One of these impairments is called “jitter”. Jitter can be considered in a wide sense. Herein, jitter is the variation in the duration between the time a frame is captured by a transmitter audio card and the time it is received by a receiver. Therefore, it includes not only network jitter, i.e. variations in transmission delays, but also variations in processing delays.
Jitter is a severe audio stream impairment. In order to be understandable, audio streams must not be interrupted, or at least be interrupted as less as possible. If frames were played out as they arrive at the receiver, due to the jitter, the playing would be constantly interrupted. Hence, arriving frames are not played out immediately, but kept in a so-called jitter buffer. A playout algorithm must then be implemented in the receiver in order to determine the playout time of the received frames.
In its simplest form, the algorithm buffers the first received frame for a predetermined time before playing it. Therefore, instead of interrupting the audio stream, an initial delay is applied to the stream.

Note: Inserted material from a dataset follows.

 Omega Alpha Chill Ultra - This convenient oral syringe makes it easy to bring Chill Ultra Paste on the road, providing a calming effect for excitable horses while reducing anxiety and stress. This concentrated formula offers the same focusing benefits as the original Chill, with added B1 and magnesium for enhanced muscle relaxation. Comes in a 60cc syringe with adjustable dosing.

The problem with such a method, however, is to decide how long this buffer delay should be. A large delay will minimize the probability of an interruption but will cause a lack of interactivity between the end-users. Moreover, the packet delay distribution may be quite complex and variable over time. Thus, applying a fixed delay is satisfactory only in a limited number of cases, e.g. in communications over a Local Area Network (LAN) with limited delay, but does not scale to more complex networks, particularly the Internet.

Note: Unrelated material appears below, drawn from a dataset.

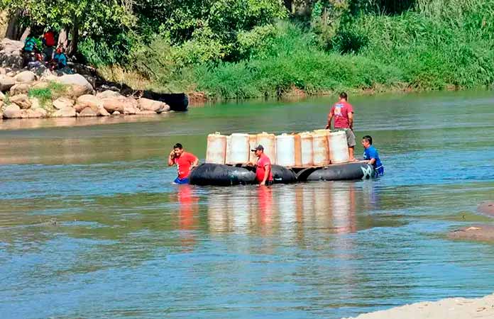 La mañana de este lunes, elementos de la XXII Zona Naval con sede en Puerto Madero, Chiapas, interceptaron en el río Suchiate una balsa con combustible que venía de Guatemala.

In order to overcome the above-mentioned problem, adaptive algorithms have been introduced. Jitter adaptation is based on silence compression/expansion, wherein silence is a conversational device. In a conversation, silence indicates a speaker's expectation that his interlocutor starts talking. Therefore, silence can be expanded or compressed without impairing the understandability. An adaptation algorithm estimates the jitter from packet arrival times and then modifies silence period lengths according to the latest estimate. For example, jitter adaptation algorithms based on this idea can be found in Sue B. Moon, Jim Kurose, Don Towsley, “Packet audio playout delay adjustment: performance bounds and algorithms”, Multimedia Systems, Springer Verlag 1998, pp. 17–28, and in Ramachandran Ramjee, Jim Kurose, Don Towsley, Henning Schulzrinne, “Adaptive Playout Mechanism for Packetized Audio Applications in Wide-Area Networks”, in Proceedings of the conference on computer communications, (IEE Infocom, Toronto, Canada), pp. 680–688, IEE Computer Society Press, Los Alamitos, Calif., June 1994.
In the above-mentioned adaptive or adaptation algorithms, the received frames playout times are computed so as to achieve a good trade-off between buffering delay and residual drop rate, which will be described later.
However, this adaptation scheme is not sufficient because it trades-off a drop percentage against an added buffering delay. What should be traded-off is the drop against the response time which is defined as the time elapsed between the capture of a given frame of speech at one endpoint and its playout at an other endpoint plus the same quantity in the other direction. In accordance with the conventional adaptation scheme mentioned above, the added delay reflects only partially the response time.
It is therefore an object of the present invention to overcome the aforementioned adaptation algorithm limitations and to allow a terminal to trade-off the response time against the drop instead of the added buffering delay against the drop.